Write out the listing below character for character, though without its pictures.
═══ Raw data ═══
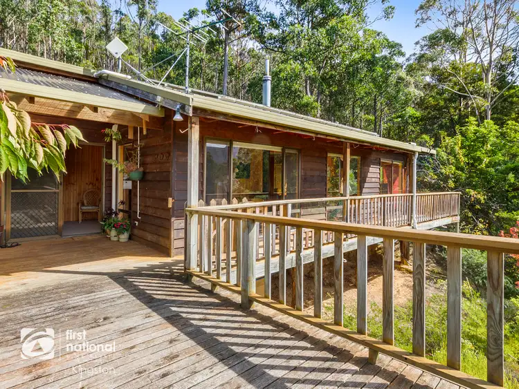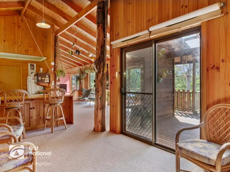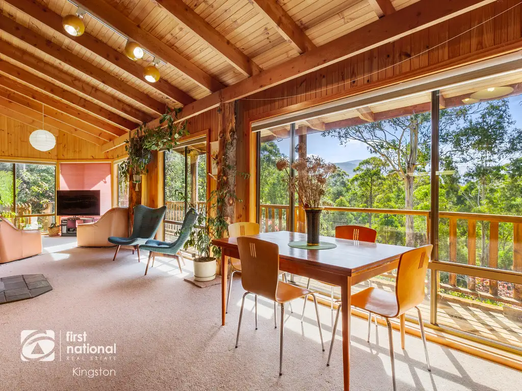 Built from western red cedar with celery top pine uprights and vaulted timber ceilings, this lovely home exudes charm and warmth. Perfectly positioned on the high side of the block, the views extend through the canopy of towering gum trees to Cathedral Rock, Mount Wellington and beyond.
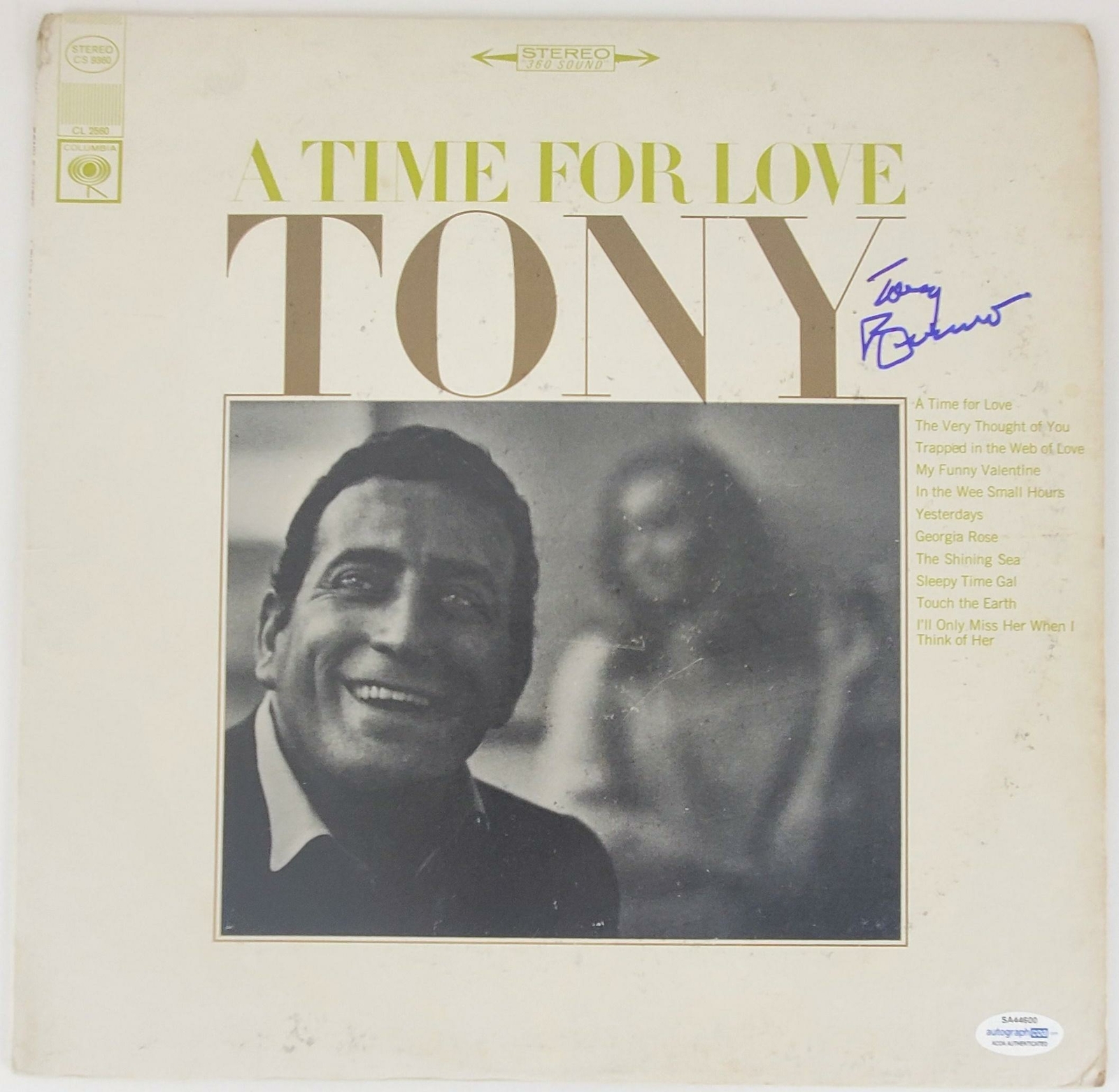 TONY BENNETT “A TIME FOR LOVE” AUTOGRAPH SIGNED LP ALBUM ACOA COLLECTIBLE MEMORABILIA
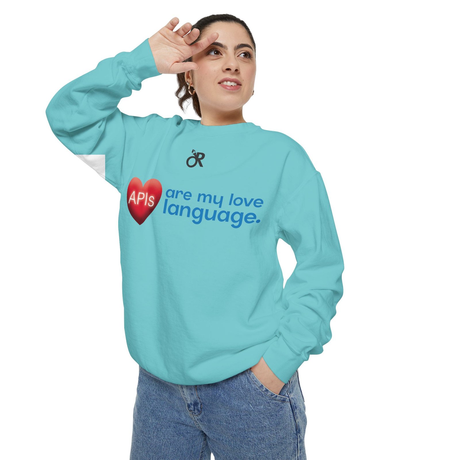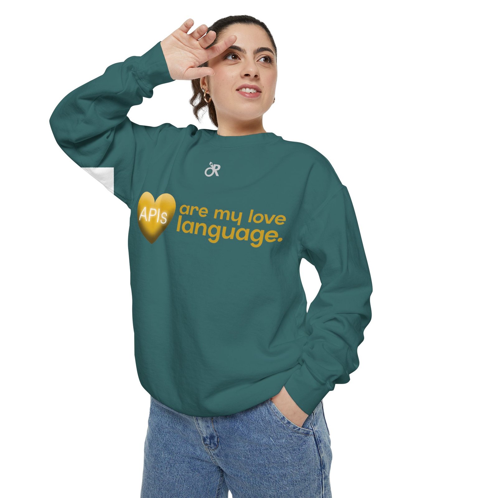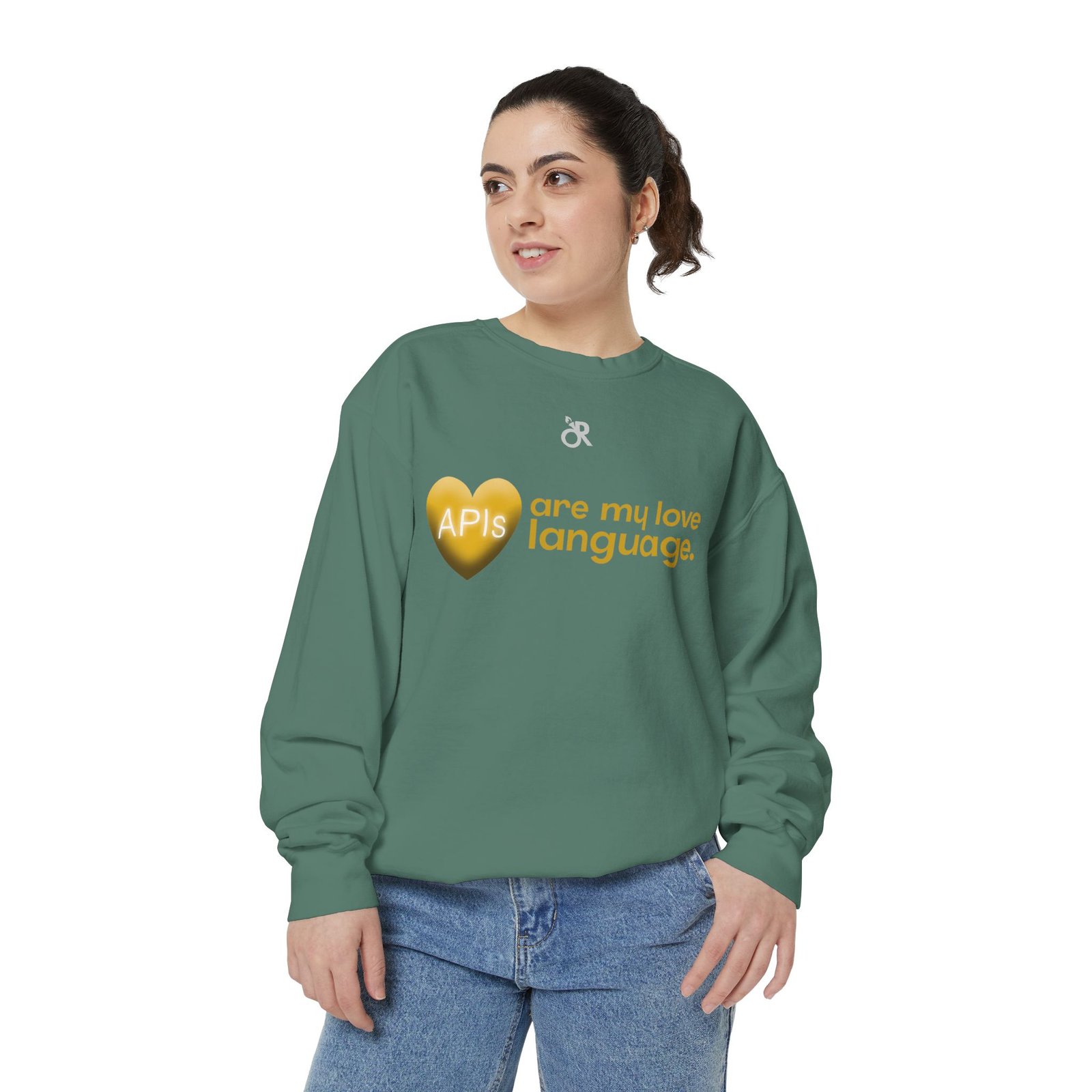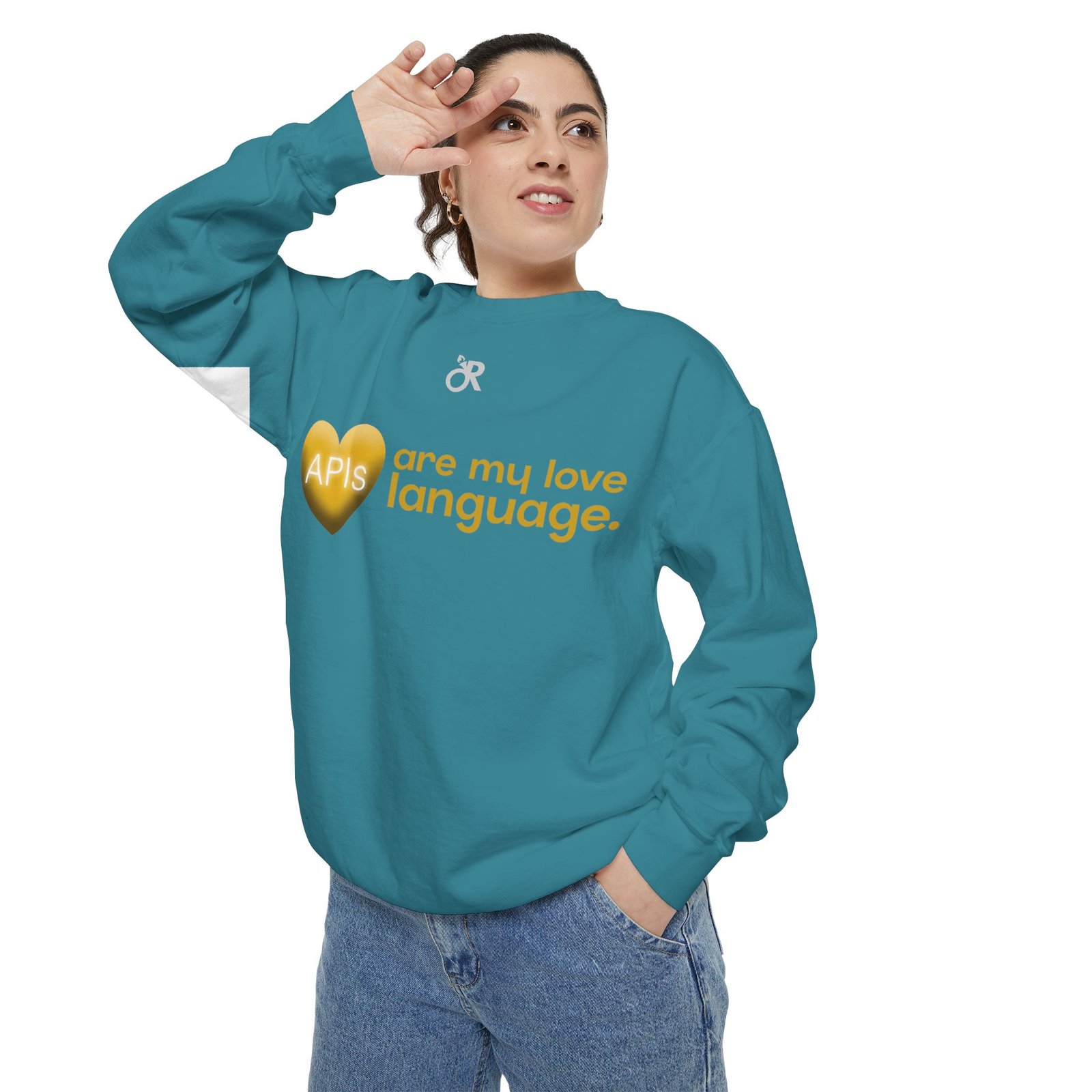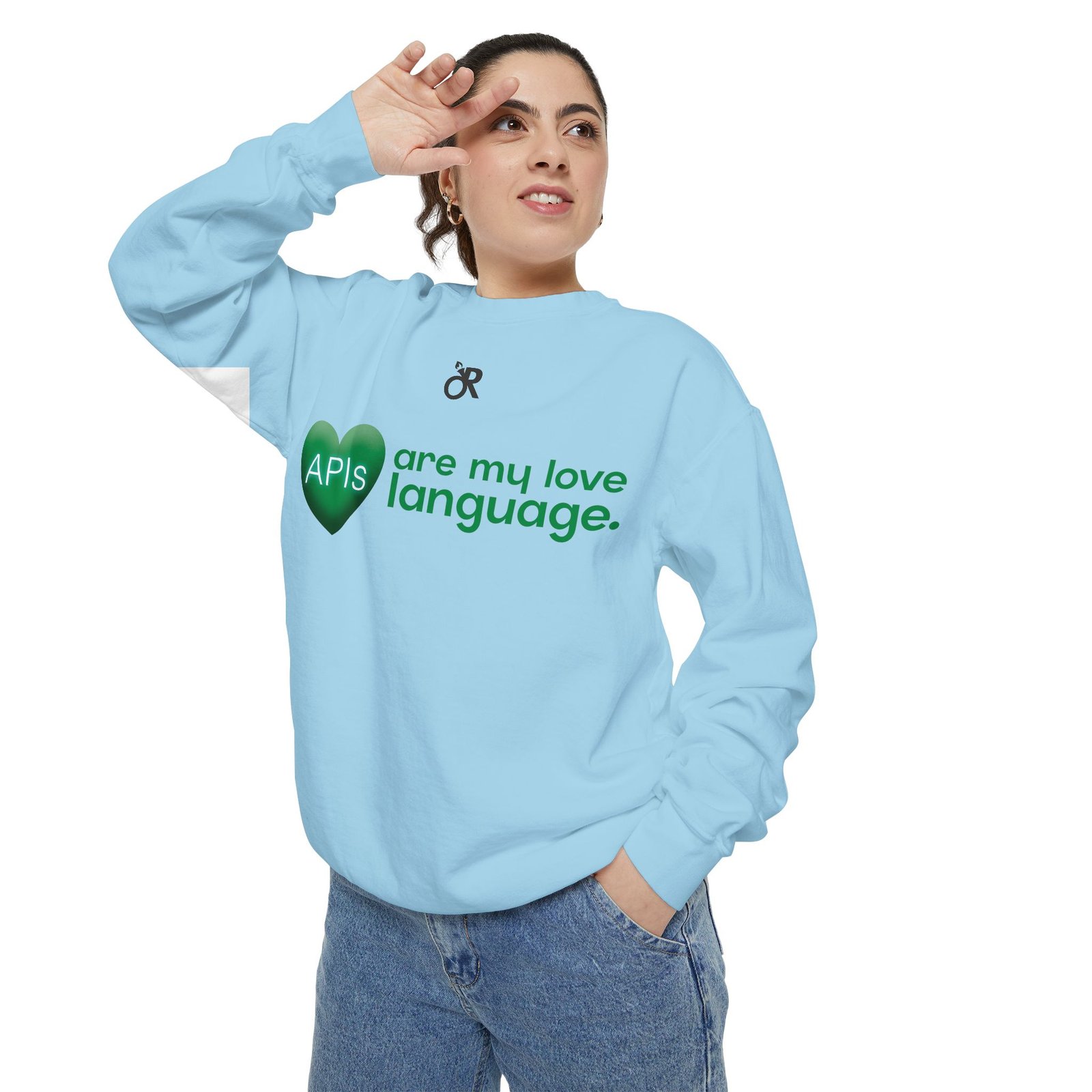 Soft, lived-in warmth meets coder humor. This relaxed-fit sweatshirt carries a subtle, modern print that says what you feel when you’d rather debug than talk: a glossy heart graphic labeled “APIs” beside the phrase “are my love language.” It settles comfortably over hoodies or tees, the medium-heavy fabric giving a cozy weight without feeling bulky. Thoughtful details — ribbed collar, cuffs and hem that stretch and return, a half-moon neck patch, and a sewn-in twill label — keep it feeling neat after wear. The ring-spun cotton blend is smooth and soft against skin and holds printed or embroidered artwork cleanly. OEKO-TEX low-impact dyes and durable construction make it a dependable piece for late-night deploys, conference meetups, or casual office days.
═══
# [Solution below]
 Built from western red cedar with celery top pine uprights and vaulted timber ceilings, this lovely home exudes charm and warmth. Perfectly positioned on the high side of the block, the views extend through the canopy of towering gum trees to Cathedral Rock, Mount Wellington and beyond.
 TONY BENNETT “A TIME FOR LOVE” AUTOGRAPH SIGNED LP ALBUM ACOA COLLECTIBLE MEMORABILIA
 Soft, lived-in warmth meets coder humor. This relaxed-fit sweatshirt carries a subtle, modern print that says what you feel when you’d rather debug than talk: a glossy heart graphic labeled “APIs” beside the phrase “are my love language.” It settles comfortably over hoodies or tees, the medium-heavy fabric giving a cozy weight without feeling bulky. Thoughtful details — ribbed collar, cuffs and hem that stretch and return, a half-moon neck patch, and a sewn-in twill label — keep it feeling neat after wear. The ring-spun cotton blend is smooth and soft against skin and holds printed or embroidered artwork cleanly. OEKO-TEX low-impact dyes and durable construction make it a dependable piece for late-night deploys, conference meetups, or casual office days.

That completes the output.